As of March 31, 2024, the company had $1.2 million, or 0.5% of total loans, in loans that were 30-89 days past due, and $626,000, or 0.2% of total loans, in loans that were 90 days or more past due. Nonaccrual loans totaled $1.2 million, or 0.5% of total loans, at March 31, 2024.

The allowance for credit losses was $2.8 million, or 1.10% of total loans and leases held for investment, at March 31, 2024. The company's asset quality metrics remain strong, but the high concentration in real estate loans could expose the company to increased credit risk if economic conditions in its market area deteriorate.

Risks and Challenges

Texas Community Bancshares faces several key risks and challenges, including:

1. Concentration in real estate loans: The company's significant exposure to real estate loans, particularly residential mortgages, makes it vulnerable to changes in the local real estate market.

2. Interest rate risk: The company's net interest margin and profitability are sensitive to changes in market interest rates, which could impact the yield on its interest-earning assets and the cost of its interest-bearing liabilities.

3. Competition: The company operates in a highly competitive banking environment, which could pressure its ability to maintain market share and pricing power.

4. Regulatory environment: The banking industry is subject to extensive regulation, and changes in laws and regulations could increase the company's compliance costs and operational complexity.

5. Economic conditions: Adverse economic conditions in the company's local market area or the broader economy could lead to increased credit losses, reduced loan demand, and lower profitability.

Outlook and Strategy

In response to the challenges facing the company, Texas Community Bancshares has implemented a strategic repositioning plan. As part of this plan, the company sold a block of 54 performing loans totaling $12.4 million at a loss of $1.5 million, net of mortgage servicing rights, and marked down an additional $17.0 million in residential mortgage loans to fair value as they are being held for sale.

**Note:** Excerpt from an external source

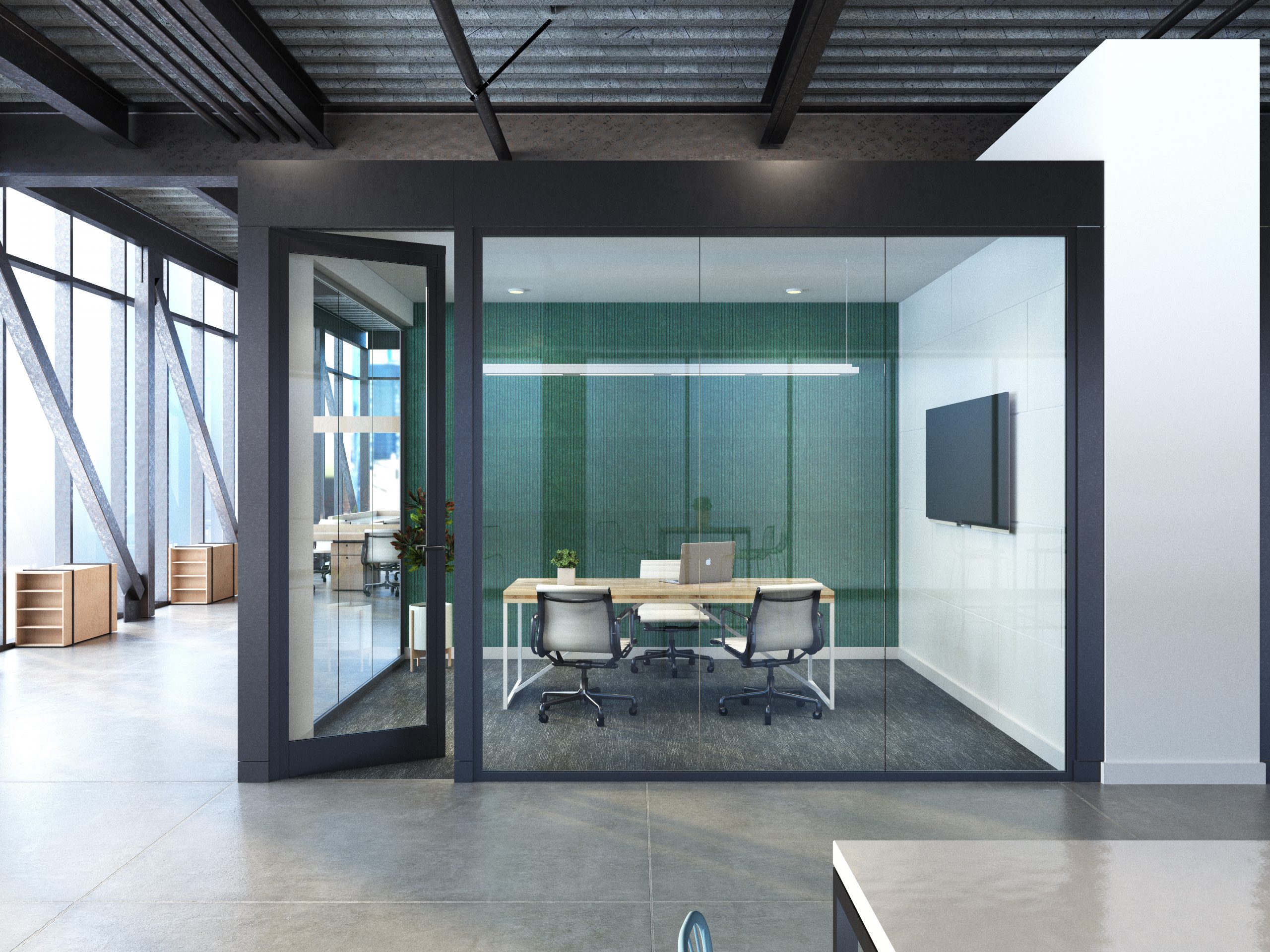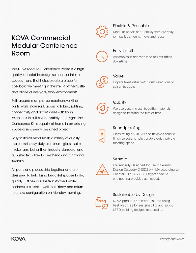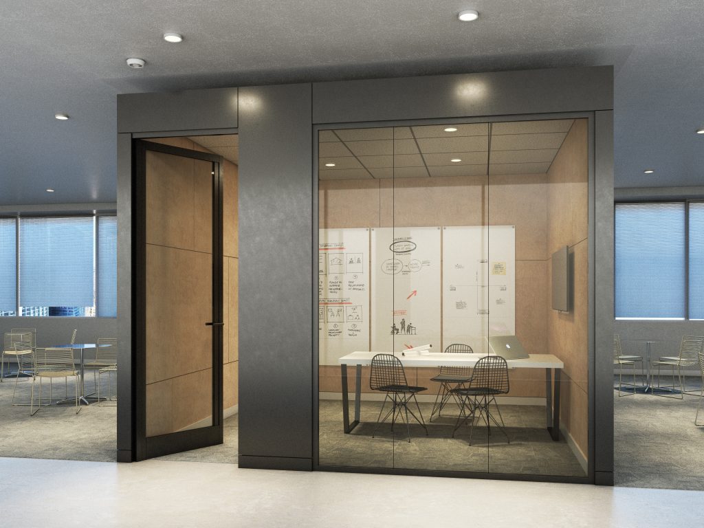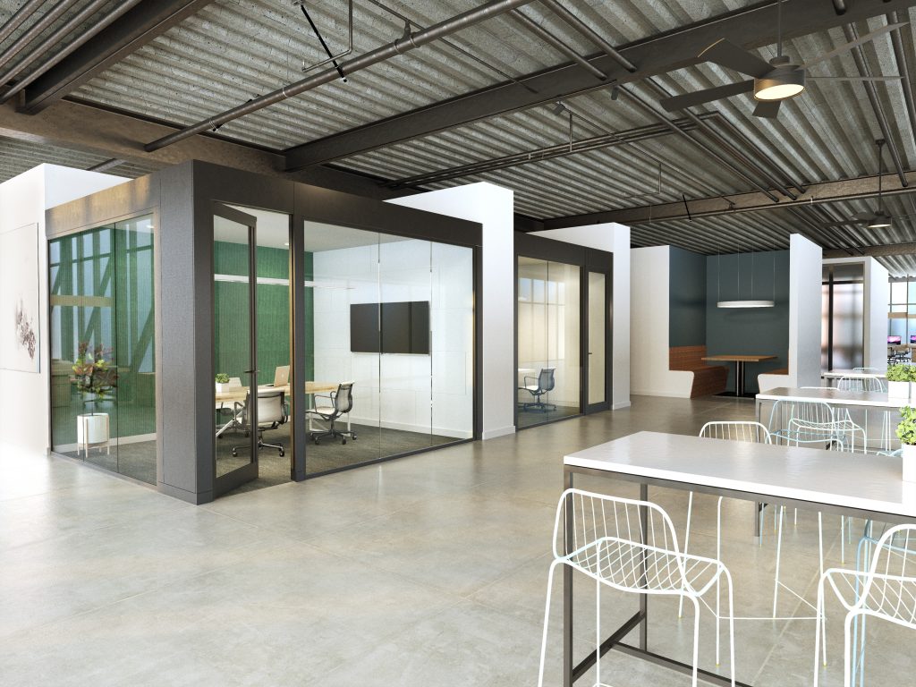 Commercial office renderings featuring KOVA’s Modular Conference room kits.

The goal of this portfolio repositioning is to take advantage of repricing opportunities, shorten the weighted average life of the loan portfolio, and diversify the company's loan mix by increasing its commercial lending activities. This strategy is intended to increase the overall yield on the loan portfolio, reduce the concentration in residential mortgages, and better position the company to manage interest rate risk.

Additionally, the company is focused on growing its core deposit base, improving its cost of funds, and maintaining a strong liquidity position to support its lending activities and weather potential economic challenges. The company is also closely monitoring its asset quality and credit risk exposures, and is prepared to take appropriate actions to mitigate any deterioration in the loan portfolio.

Overall, Texas Community Bancshares is navigating a challenging operating environment by implementing a strategic repositioning plan aimed at improving its financial performance, managing its risk profile, and positioning the company for long-term success. While the company faces several headwinds, its strong liquidity, capital position, and proactive management approach provide a solid foundation for weathering the current market conditions.